El Consejero de LyD explica que la actual propuesta parte de una concepción del trabajo casi como un castigo. Asegura que falta una mirada país donde lo verdaderamente importante debe ser que haya más y mejores empleos, más capacitación y más productividad. Esto genera mejores sueldos y mejores condiciones de trabajo.

De gris a negro. Así pinta el Consejero de LyD, Huberto Berg, el escenario laboral en el país.

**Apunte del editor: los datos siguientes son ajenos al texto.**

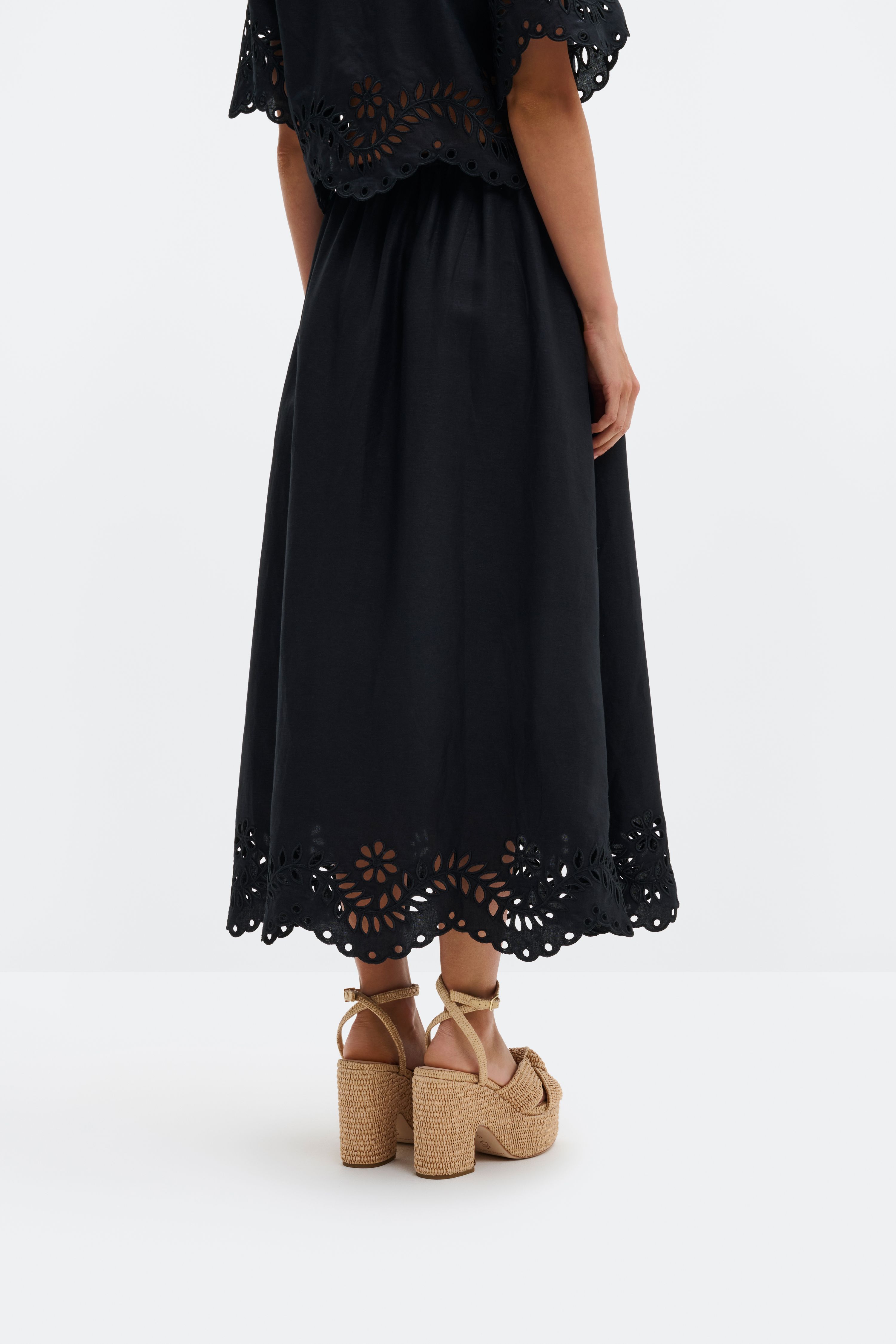 Maxirock aus Leinenmischung mit Broderie Anglaise und Muschelsaum.

Más allá de la desaceleración económica y de la situación externa, lo que a su juicio tiene bastante afectado el ambiente es la reforma laboral, el otro caballo de batalla del actual Gobierno.

Para el experto en relaciones laborales y director de Berg Consultores, lo más grave de lo que se está discutiendo tiene que ver con la pérdida de libertad del trabajador. "La Reforma Laboral coarta la posibilidad de elegir del trabajador y fomenta la mirada de algunos sectores de la Nueva Mayoría de que el interior de las empresas es una zona de conflictos permanentes", explica. Esto, porque la reforma se basaría en 4 pilares fundamentales: sindicato como único autorizado a negociar colectivamente; no reemplazo; negociación que parta en lo ofrecido en la negociación anterior y fin de la polifuncionalidad en los contratos.

¿Cómo afectaría esta reforma al escenario laboral y a los trabajadores?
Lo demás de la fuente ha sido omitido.